1. Field of the Invention
This invention relates to communications. Specifically, the setup of a communication call.
2. Description of the Prior Art
Conventional communications networks often include packet-switched technology. Although circuit-switched networks were implemented first, they are an older more traditional technology. Packet-switched networks are newer more flexible networks. A wide variety of new applications are being implemented to take advantage of the flexibility of these packet-switched networks.
In a packet-switched network, packets may take a variety of different paths to arrive at a given destination. A message is first fragmented into packets, communicated across a network, and then combined back into the original message. Since the packets do not all take the same path, packet-switched networks have gained wide acceptance. For example, if a link goes down on a path, the packets can all be re-routed and still reach their destination with minimal effort.
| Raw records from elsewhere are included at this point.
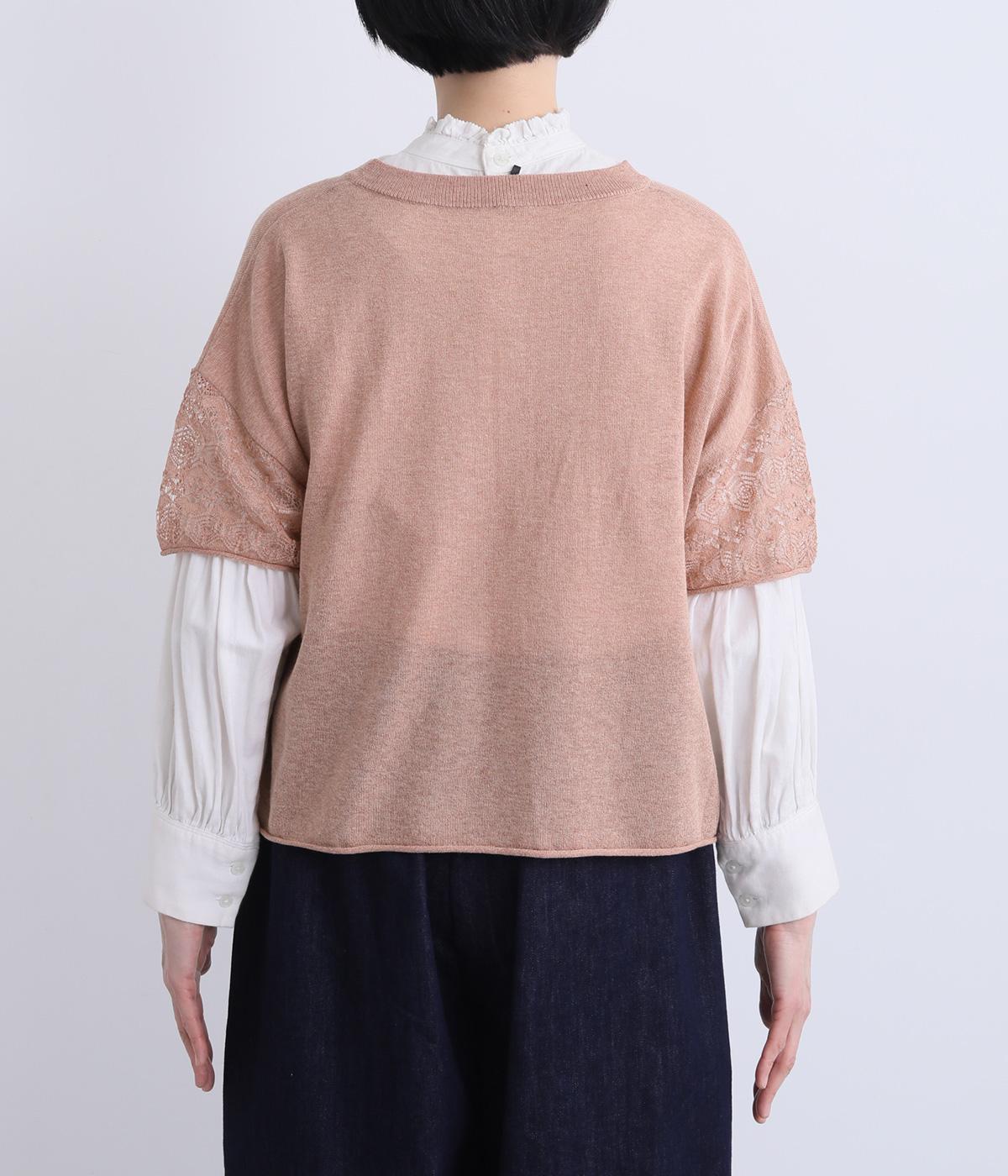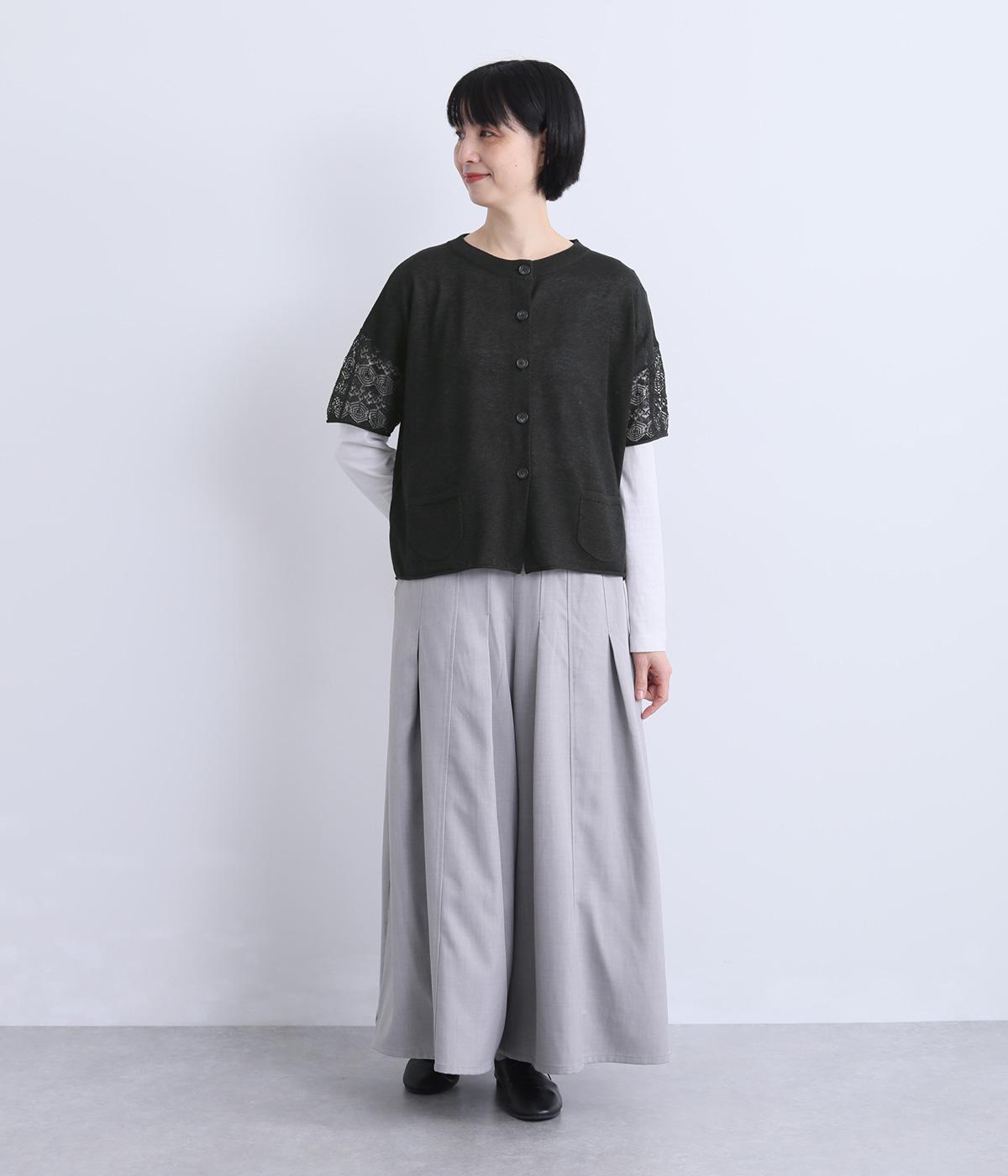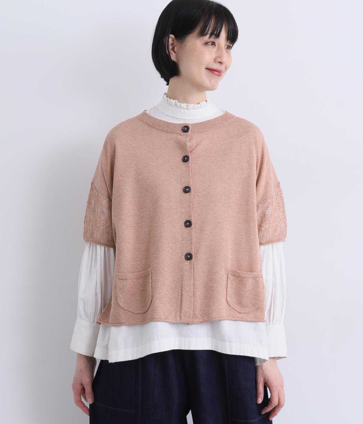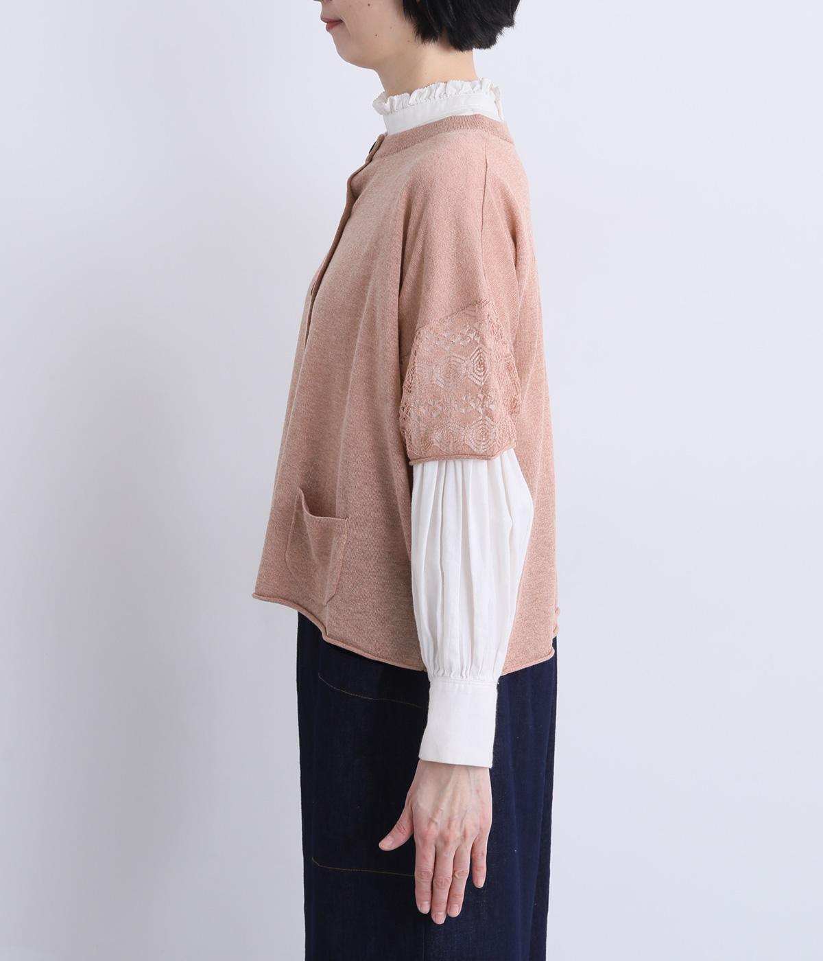 袖をレース編みにすることでグッと雰囲気を高めたニットカーディガン。裾のロールエッジがきめすぎないラフさを演出しつつ、きれいめなニットで大人な一枚に。ちょこんとついた丸いポケットが愛らしいワンポイントになっています。
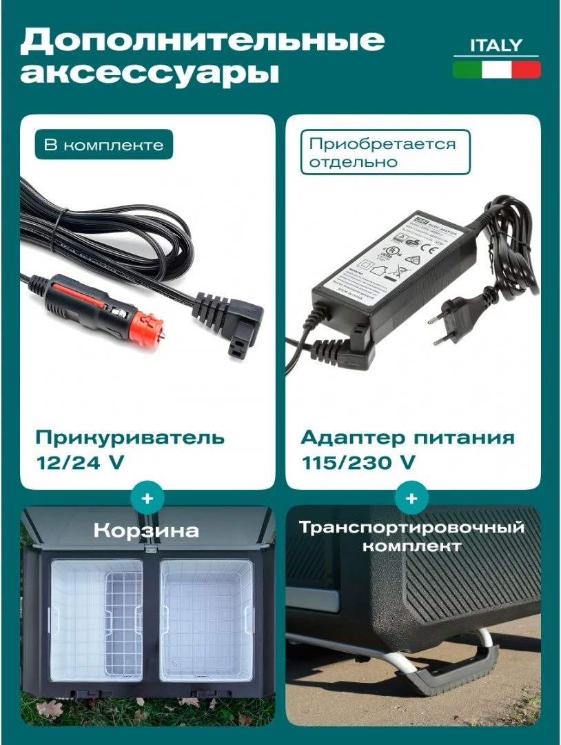 Устройство работает от прикуривателя 12 и 24 В что делает его удобным для использования в машине. При подключении через отдельный адаптер он может работать и от сети 220 В. Температурный диапазон от +20 до -20 °C позволяет охлаждать продукты или использовать автохолодильник для глубокой заморозки. Это особенно полезно в поездках когда важно сохранить свежесть еды и напитков на долгое время.
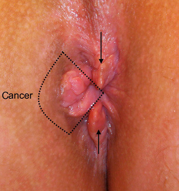 Vanligvis ses en litt ujevn, buklet rød forandring i slimhinnen som er fortykket, gjerne som en knute, som kan være helt jevn og glatt, men som oftest er det ujevn overflate med vekslende sårflater og typiske dype furer, gjerne med fissur sentralt (fig 1). Eksemliknende utslett med lett fortykket, lyserød hud forekommer. Noen tumorer kan likne kondylomer, og faktisk kan noen kondylomer utvikles til invasiv plateepitelcancer. Et hovedtegn er at tumor kjennes hard ved palpasjon. I tidlige stadier kan slimhinnen bare være rød (oftest ved cancer in situ-forandringer) eller ha en ujevn, kornet, fløyelsaktig rød overflate.
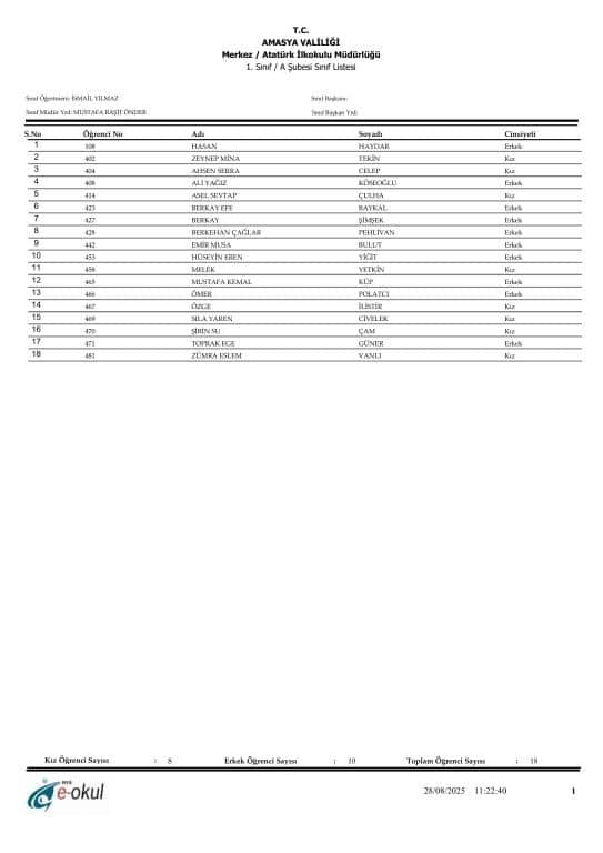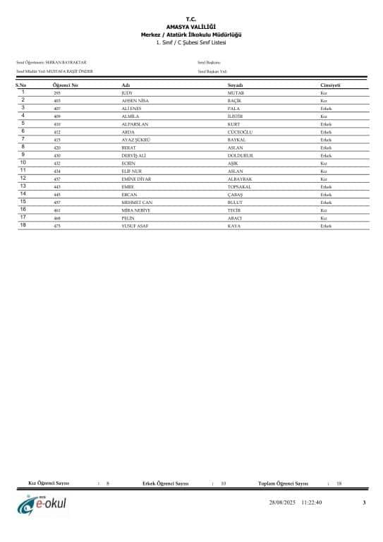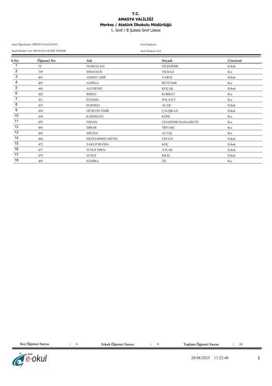 KURA SONUCU OLUŞAN 1. SINIFLAR

In general, packet-switched networks are being widely deployed and will continue to be widely deployed in the foreseeable future. However, packet-switched networks are not without their problems and the advent of new technologies and applications highlight some of these problems. For example, one of the slower aspects of a packet-switched communication session is the initial setup of the call. In addition, in many applications, such as push-to-talk, etc., there are times when a full circuit is not required, but instead there is a need to transmit just a few bits. Unfortunately, conventional packet-switched technologies and protocols were not initially designed for these types of applications and, as such, perform poorly when these applications are implemented.
An example of a conventional implementation of a packet-based network will be shown in Fig. 1A and FIG. 1B. Fig. 1A displays a conventional message process flow diagram. In FIG. 1A, a Mobile Station (MS) 100 is shown. The MS 100 is in communication with a Base Station Subsystem (BSS) 102. The BSS 102 includes a Base Transceiver Station (BTS) 104 that is in communication with a Base Station Controller (BSC) 106. The BSC 106 also includes a Call Processor (CP) 108, a Resource Manager (RM) 110, and a Routing Agent (RA) 112. The RA 112 is in communication with an MSC 120 and a Packet Control Function (PCF) 114. The BSC 106 communicates with a Mobile Switching Center (MSC) 120 and a PCF 114. The PCF 114 is in communication with an IP network 116. An Authentication, Authorization, and Accounting (AAA) server 122 may be accessed through the IP network 116. A PDSN 118 is also in communication with the IP network 116.
In a conventional system, the MS 100 generates and sends an origination message 124 to the BTS 104. Origination for routing 126 is performed between the BTS 104 and the RA 112. The BTS 104 sends a base station acknowledgment message (BS Ack) 130 to the MS 100 indicating that the origination message 124 has been received. The RA 112 communicates the origination 128 to the Mobile Switching Center (MSC) 120. The MSC 120 conducts a setup conversation 132 with the RA 112. The RA 112 communicates a resource allocation request 134 to the RM 110. The RM 110 and the CP 108 allocate resources as shown by 136. The RM 110 sends a resource allocation response 138 to the RA 112. The RA 112 communicates a request for call setup 140 to the CP 108. The CP 108 communicates a response to the call setup 142. The RA 112 communicates a request to radio link setup 144 to the CP 108. The CP 108 and the BTS 104 allocate channel resources as shown by 146. The CP 108 generates a response to radio link setup 148. A channel assignment process 150 is performed between the CP 108 and the MS 100. The CP 108 communicates with the Packet Control Function (PCF) 114 to allocate PCF resources for packet data session 152. The PCF 114 communicates a response to allocate PCF resources for packet data session 154 with the CP 108.
FIG. 1B displays a continuation of the conventional message process flow diagram shown in FIG. 1A. In FIG. 1B, the CP 108 communicates with the PCF 114 to request connect PCF resources for packet data session 156. The PCF 114 communicates with the Packet Data Service Node (PDSN) 118 to setup/connect an A10 interface 158. The PCF 114 communicates with the CP 108 to connect PCF resources for packet data session 160. The RA 112 sends a Service Connect (SC) request 162 to the CP 108. The CP 108 and the MS 100 perform a service connection/negotiation process 164. The CP 108 sends a service connection response 166 to the RA 112. The RA 112 sends a Sat present message 168 to the MSC 120 and, as a result of the foregoing, data 170 may be communicated between the MS 100 and the PDSN 118.
It is clear from the foregoing process flow diagram that a number of steps must be accomplished to setup a call in a packet-based network. The various steps require time to setup the call. In addition, many of the steps are required before other steps can be accomplished. The foregoing process results in more cost for the operating network, dissatisfied customers because of the user delay, and ultimately, may even limit the types of applications that can be implemented in the network.
Thus, there is a need for reducing the time for call setup in a packet-switched network. In addition, there is a need for methods that facilitate the efficient operation of packet-switched networks.